Per dare un’idea della vita che il poeta conduceva a Marina, riportiamo uno stralcio del giornale “La Tribuna” che nel luglio del 1904 scriveva:

“D’Annunzio, che già cantò nelle sue Laudi questa piccola plaga ridente, l’ha prescelta quest’anno per passarvi quattro mesi. Egli vi studia e vi scrive con alacrità fenomenale, trovando il tempo e il modo di rinfrescare il suo spirito con lunghe passeggiate mattutine, immersioni nel fresco Tirreno, gite in barca, e dedicando qualche ora del giorno alla pesca con la bilancia, in una capanna posta alla foce del fiume”35.

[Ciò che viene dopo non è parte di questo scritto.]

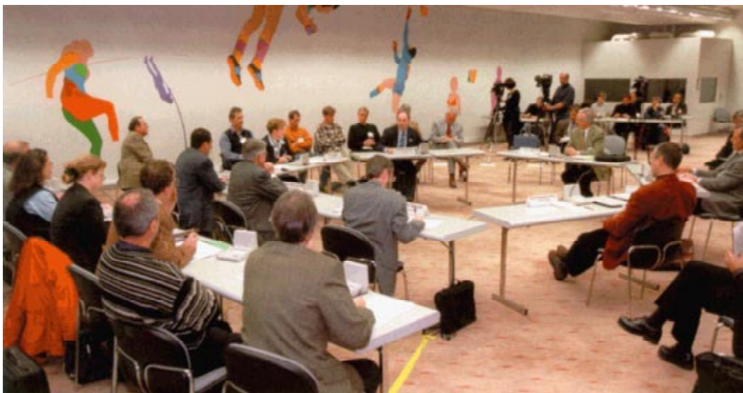
Round table discussion on doping at the AOS.

The AOS's anti-doping technical commission was tasked with drawing up a list of measures. International cooperation will be vital in finding a solution for the third and fourth areas in particular.

Al contrario di quanto riportato nell’articolo, il poetà si trattenne molto di più a Marina, abbiamo sue notizie e della Rudinì, ancora nell’estate del 1905, periodo stressante per D’Annunzio per le condizioni di salute precaria dellaDi Rudinì; ma da questa data in poi sono rare le notizie del poeta a Marina; infatti tranne qualche rara incursione per lavorare in completa pace nella “Casa Rossa”, D’Annunzio lascerà per sempre Marina, molto diversa oramai da quel posto solitario che tanto aveva amato e che tana ispirazione gli aveva trasmesso, anche se fervida rimane l’immagine di quei luoghi fotografati nelle sue poesie.